→ Instructions to follow: If a line below falls between the line with "MasterLED Wandleuchte Elza" and the line with "Make Your Own", or is one of those two, output it exactly; output nothing else and no pictures.

→ Stored data:
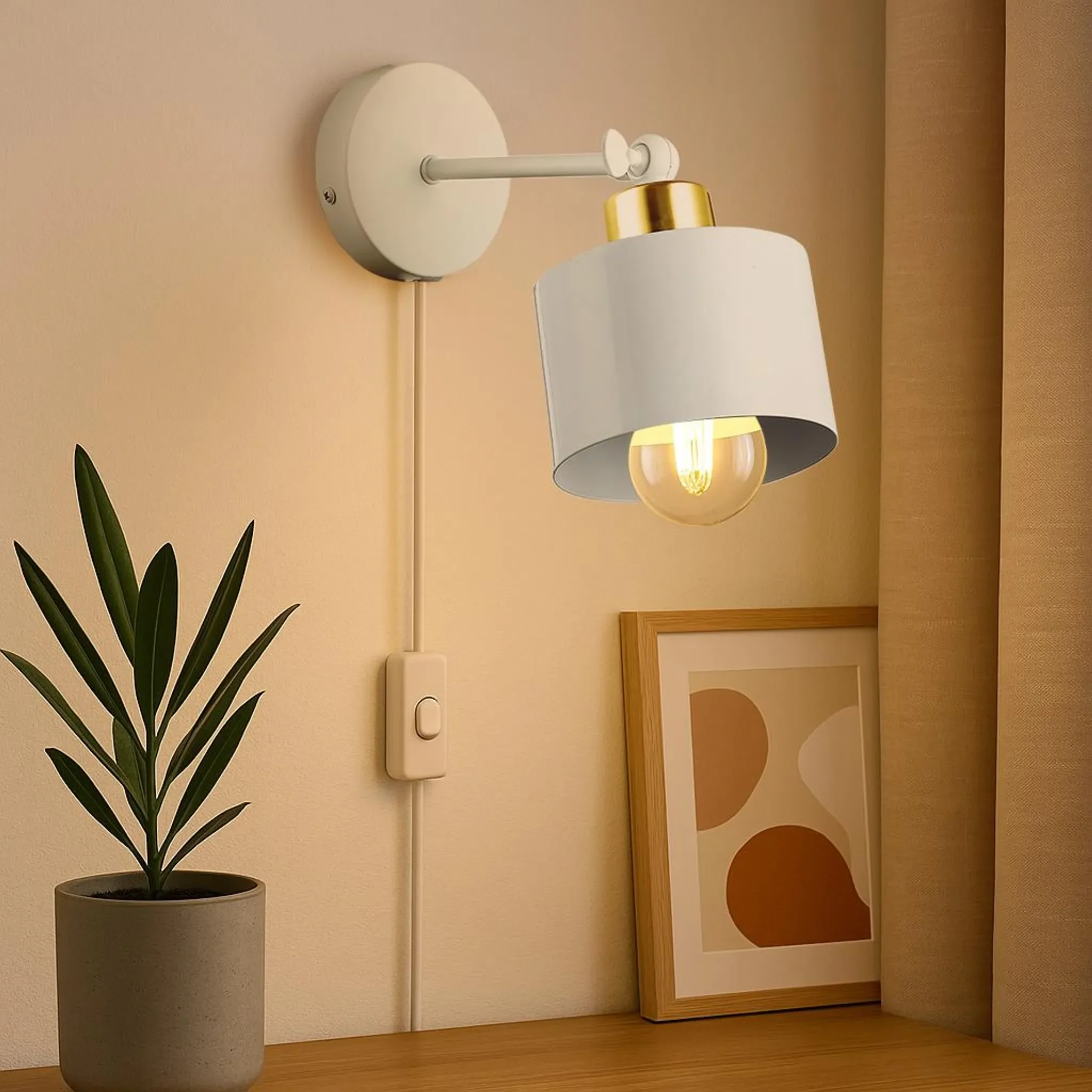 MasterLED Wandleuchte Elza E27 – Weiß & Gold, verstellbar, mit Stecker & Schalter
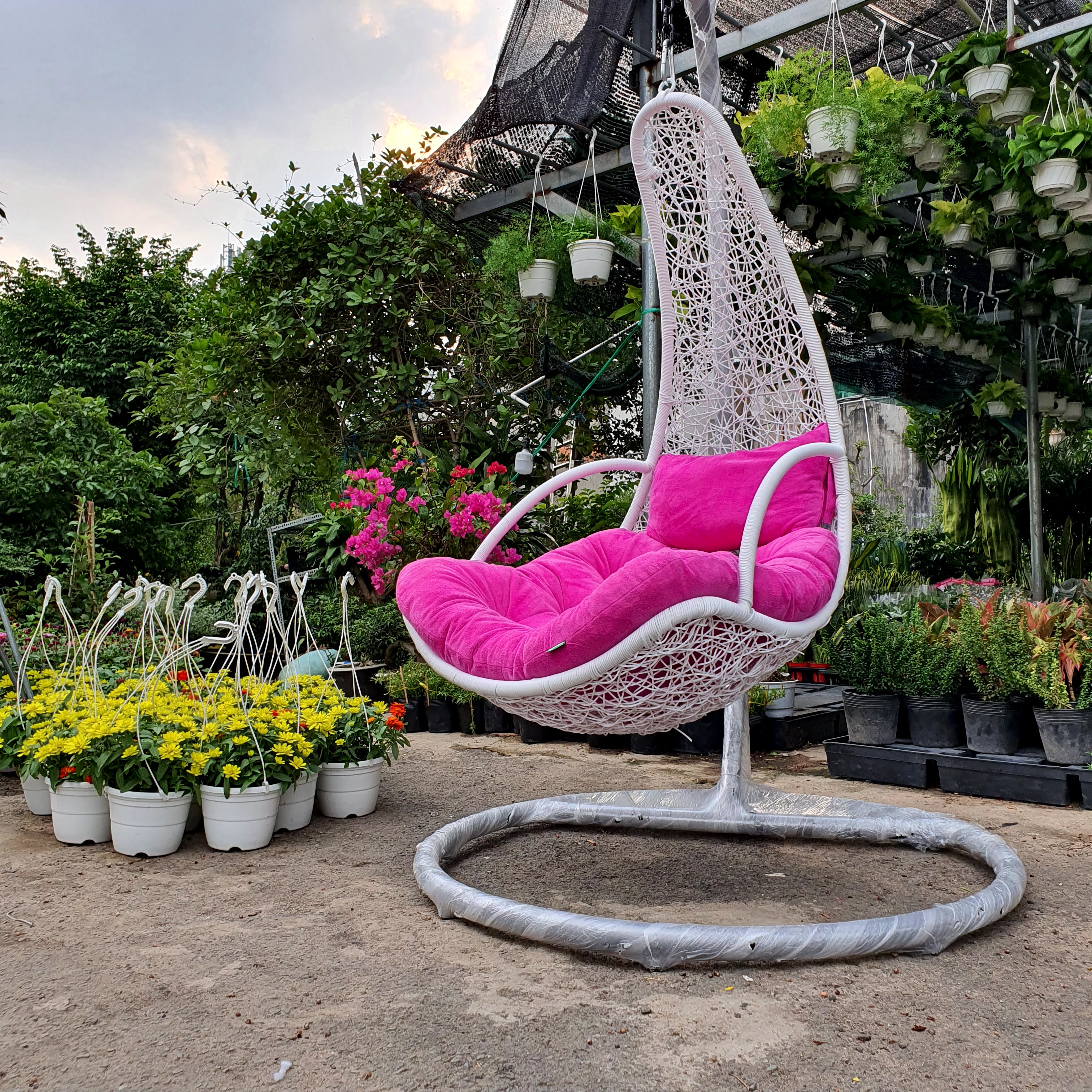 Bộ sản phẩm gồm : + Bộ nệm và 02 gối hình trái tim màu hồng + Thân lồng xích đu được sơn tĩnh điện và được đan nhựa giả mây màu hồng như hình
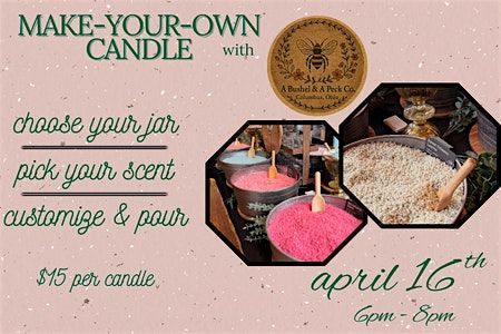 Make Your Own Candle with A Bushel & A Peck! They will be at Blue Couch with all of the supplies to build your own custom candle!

* * *

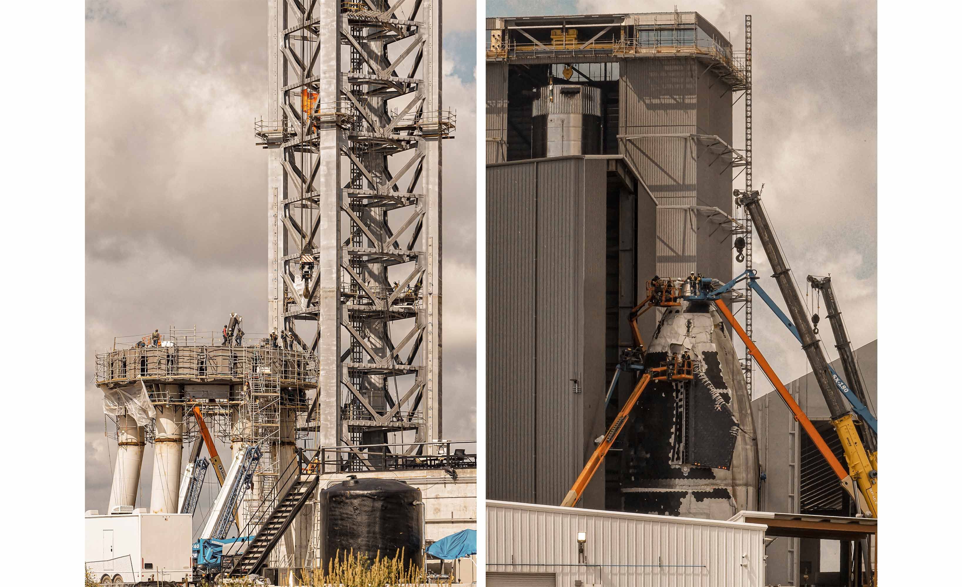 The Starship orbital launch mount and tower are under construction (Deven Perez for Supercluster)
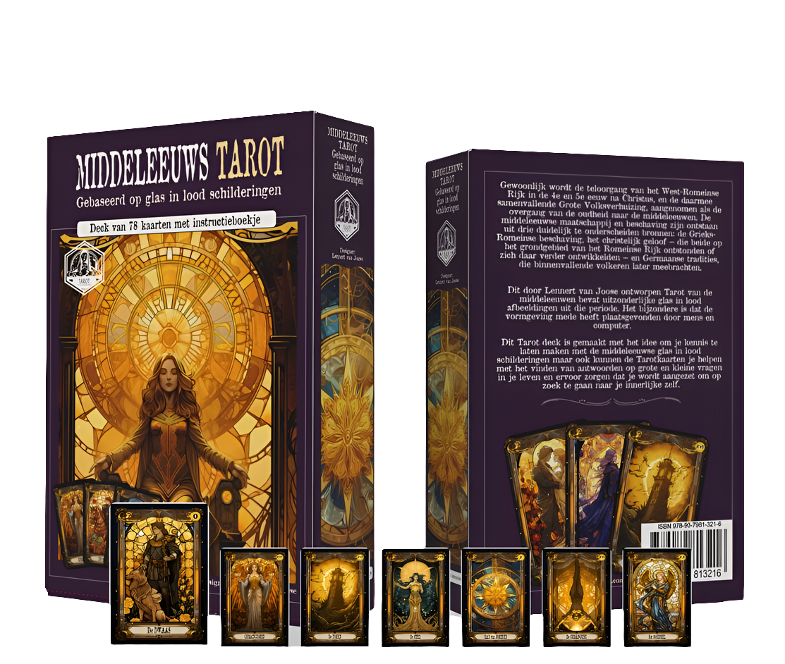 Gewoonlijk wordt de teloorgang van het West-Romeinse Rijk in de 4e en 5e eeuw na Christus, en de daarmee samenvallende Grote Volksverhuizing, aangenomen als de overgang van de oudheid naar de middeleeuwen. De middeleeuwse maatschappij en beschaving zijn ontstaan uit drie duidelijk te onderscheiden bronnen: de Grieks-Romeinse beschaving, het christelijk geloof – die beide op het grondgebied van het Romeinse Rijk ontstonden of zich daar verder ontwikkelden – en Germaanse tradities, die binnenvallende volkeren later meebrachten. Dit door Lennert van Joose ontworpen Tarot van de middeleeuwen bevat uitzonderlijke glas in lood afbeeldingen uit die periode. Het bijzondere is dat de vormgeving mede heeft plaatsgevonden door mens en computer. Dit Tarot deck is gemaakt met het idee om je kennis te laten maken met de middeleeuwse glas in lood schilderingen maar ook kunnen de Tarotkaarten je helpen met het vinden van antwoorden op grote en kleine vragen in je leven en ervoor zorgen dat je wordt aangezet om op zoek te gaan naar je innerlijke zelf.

→ Solved exercise:
 MasterLED Wandleuchte Elza E27 – Weiß & Gold, verstellbar, mit Stecker & Schalter
 Bộ sản phẩm gồm : + Bộ nệm và 02 gối hình trái tim màu hồng + Thân lồng xích đu được sơn tĩnh điện và được đan nhựa giả mây màu hồng như hình
 Make Your Own Candle with A Bushel & A Peck! They will be at Blue Couch with all of the supplies to build your own custom candle!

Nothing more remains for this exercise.